Barberousse de Akira Kurosawa
Etudiant en médecine formé aux méthodes hollandaises et promis à un poste à la cour, le jeune Yasumoto se retrouve dans un dispensaire pour ce qu’il croit être une simple visite. C’est pourtant là qu’il poursuivra sa formation, guidé par Barberousse, un médecin idéaliste luttant contre la misère et l’ignorance.

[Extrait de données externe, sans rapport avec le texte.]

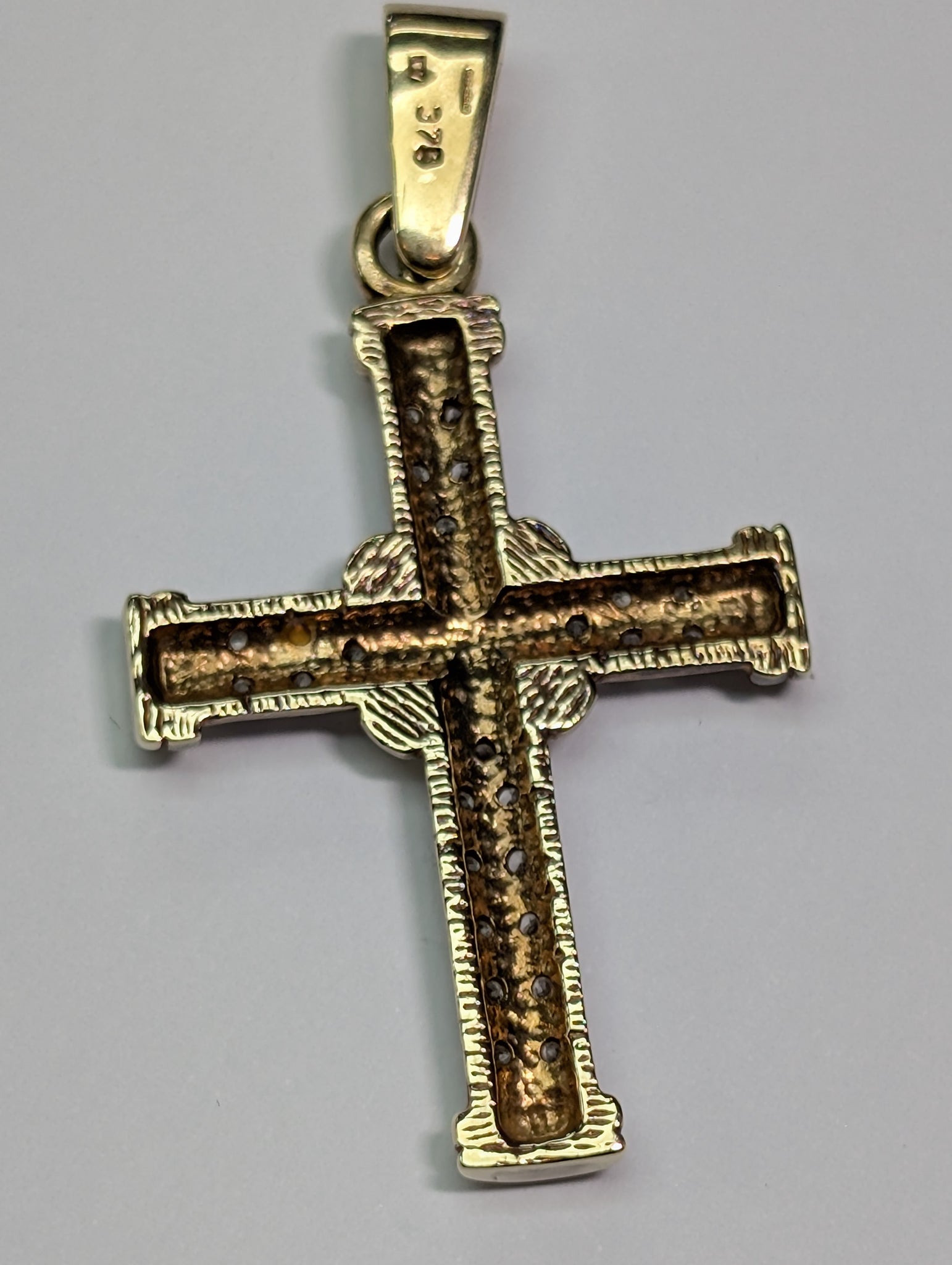 HERE WE HAVE A 9CT GOLD CZ STONED CROSS PENDANT. THIS WEIGHS 8.76G AND IS HALLMARKED 375. ** FOR ANY QUERIES PLEASE CALL OUR PRESTON STORE DIRECT MON-SAT 01772 204889

Kurosawa considérait Barberousse comme son film somme à l'époque. Et pour cause. Gros budget, méticulosité dans la reconstitution, longueur du tournage (presque 1an et demi) le maitre n'a pas à rougir face à Kubrick et son 2001 l'odyssée de l'espace. Le controle etait total. Et ce fut la derniere collaboration avec son acteur fétiche Toshiro mifune suite à de nombreux différents. De part les problèmes d'argents de Mifune ayant produit son unique film l'heritage des 500000 mais ne rentrant pas dans ses frais, le tournage long de Barberousse et l'impossibilité de raser sa barbe l'empêchait d'aller jouer ailleurs et d'autre part le désaccord entre Mifune et Kurosawa sur l'interprétation de Barberousse. Le premier en a fait une figure vertueuse le deuxième voulait en faire un personnage plus ambigu. Malgré le succès immense du film, ce sera le début des ennuis pour Kurosawa. La Toho n'a pas apprécié le dépassement de budget. sa fidélité à la toho va être mis à mal.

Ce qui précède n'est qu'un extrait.